West Flagler and its co-plaintiff, Bonita-Fort Myers Corporation, own and operate the Bonita Springs Poker Room. The plaintiffs allege Florida’s gaming compact with the Seminole Tribe that included online sports betting violated the Indian Gaming Regulatory Act (IGRA), a federal law that allows tribes to operate Class I and II gaming on their native lands and Class III gaming through compacts reached with their host state governments.

DOI Seeks Dismissal

West Flagler and Bonita-Fort Myers allege the 2021 compact violates IGRA because it allows the tribe to conduct gambling operations outside of its sovereign property. Since the tribe’s sportsbook platform takes bets remotely from anyone aged 21 and older physically located inside the Sunshine State, the plaintiffs say the compact runs afoul of IGRA.  

The Seminoles and Florida government, though not party to the case before the Supreme Court, say it doesn’t because the online sportsbook servers remain on Seminole land.
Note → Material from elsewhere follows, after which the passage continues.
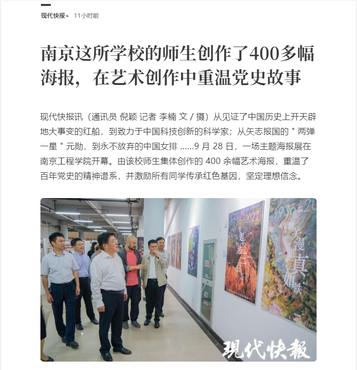 “从今年暑假开始,我们把学生分成 20 个小组展开海报创作。这些作品既是一次学院师生的成果汇报,也希望激发同学们的创作热情。”此次活动的主要指导教师、艺术与设计学院视觉传达设计系张凯告诉现代快报记者,在海报的创作过程,师生一起重温党史故事。通过文艺创作进行艺术表达,也希望能够展现文艺作品的文化价值和精神力量。

DOI attorneys agree.

[The] compact, as relevant here, addresses internet sports betting that the Tribe conducts by accepting wagers placed by patrons in Florida — including on non-Indian lands — and receiving those wagers at the Tribe’s computer servers located on Indian lands,” the DOI response read. “The court of appeals held that, under the Indian Gaming Regulatory Act, the compact, as approved by operation of law under IGRA, authorized only the relevant gaming activities that occur on Indian lands.”
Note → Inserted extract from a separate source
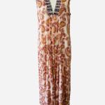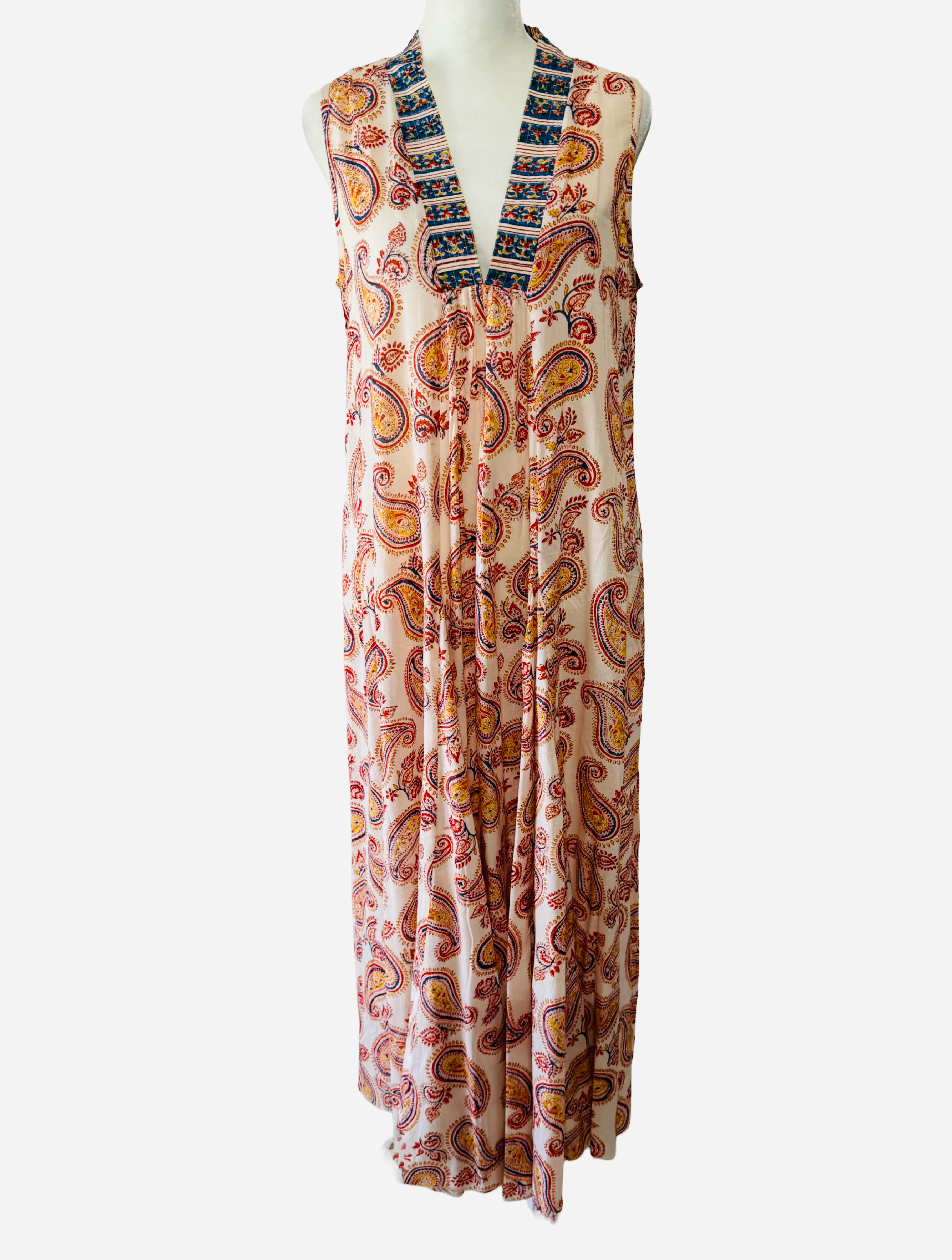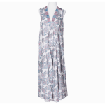 Effortless elegance meets breezy comfort in this full-length cotton dress. Soft, breathable fabric showcases a vibrant print, while a deep 11” broad-band V-neckline with delicate running stitch adds subtle refinement. The sleeveless A-line silhouette flares gracefully below the neckline, creating movement and a flattering, elongated effect. Perfect for warm-weather sophistication, this versatile piece transitions beautifully from casual days to evening outings.

DOI attorneys said Florida lawmakers amended the state’s gaming laws to permit online sports betting facilitated through computer servers located on tribal lands. They also added that federal appeals courts have ruled that IGRA regulates gaming on tribal land but “nowhere else,” meaning Florida has the power to allow people to transmit their sports bets remotely to the Seminole’s sportsbook servers on their tribal land.

“The court of appeals further determined that IGRA does not prohibit a gaming compact, which is, at bottom, an agreement between a tribe and a state, from discussing other topics, including those governing activities ‘outside Indian lands,’” the filing continued.

Critical Decision

The Supreme Court’s decision on the Florida gaming compact will have far-reaching implications, including possibly paving the way for federally recognized tribes to initiate online gaming activities. Interior attorneys, however, say that isn’t necessarily the case, as states would need to pass laws to allow for the remote transmission of gaming as Florida did with online sports wagering.

Let us be clear: an IGRA compact cannot provide independent legal authority for gaming activity that occurs outside of Indian lands, where that activity would otherwise violate state law,” the brief claimed. “States have ‘capacious’ authority to regulate tribal gaming outside Indian territory.”

SCOTUS is expected to decide in the coming months whether it will accept the case. In the meantime, online sports betting in Florida continues through the Hard Rock Bet app and website.